• Stored entries:
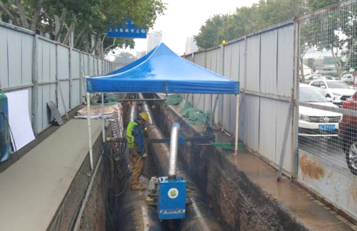 冒雨焊接供热管道赶工期
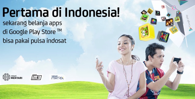 Google telah bekerja sama dengan salah satu perusahaan telekomunikasi terbesar di Indonesia, Indosat. Sesuai yang Anda pikirkan, pengguna jaringan IM3, Mentari, dan Matrix kini bisa membeli aplikasi di Google Play Store dengan pembayaran melalui pulsa. Setiap transaksi yang dilakukan melalui metode ini akan dikenakan biaya tambahan sebesar 10% dari harga aplikasi yang dibeli.
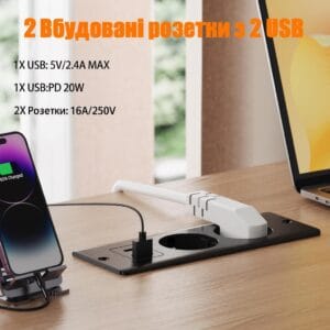 - Врезная розетка: больше никаких громоздких адаптеров и запутанных кабелей. Занимает меньше места на столе и помогает организовать пространство наилучшим образом.
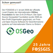 | 11:19, 15. Okt. 2025 | SocialMedia 25 Design 002 LocalCh OSGeo.png (Datei) | 324 KB | Schon gewußt? Local Chapter der OSGeo | 1 | |
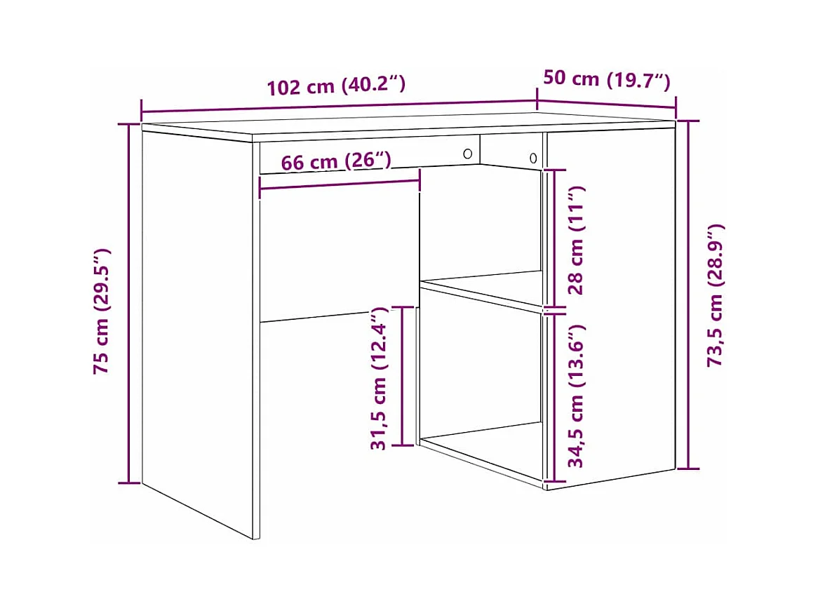Bureau Chêne fumé 102 x 50 x 75 cm Bois d'ingénierie

• What you will do: Omit the pictures. Output every record above word for word.

• Reply:
 冒雨焊接供热管道赶工期
 Google telah bekerja sama dengan salah satu perusahaan telekomunikasi terbesar di Indonesia, Indosat. Sesuai yang Anda pikirkan, pengguna jaringan IM3, Mentari, dan Matrix kini bisa membeli aplikasi di Google Play Store dengan pembayaran melalui pulsa. Setiap transaksi yang dilakukan melalui metode ini akan dikenakan biaya tambahan sebesar 10% dari harga aplikasi yang dibeli.
 - Врезная розетка: больше никаких громоздких адаптеров и запутанных кабелей. Занимает меньше места на столе и помогает организовать пространство наилучшим образом.
 | 11:19, 15. Okt. 2025 | SocialMedia 25 Design 002 LocalCh OSGeo.png (Datei) | 324 KB | Schon gewußt? Local Chapter der OSGeo | 1 | |
Bureau Chêne fumé 102 x 50 x 75 cm Bois d'ingénierie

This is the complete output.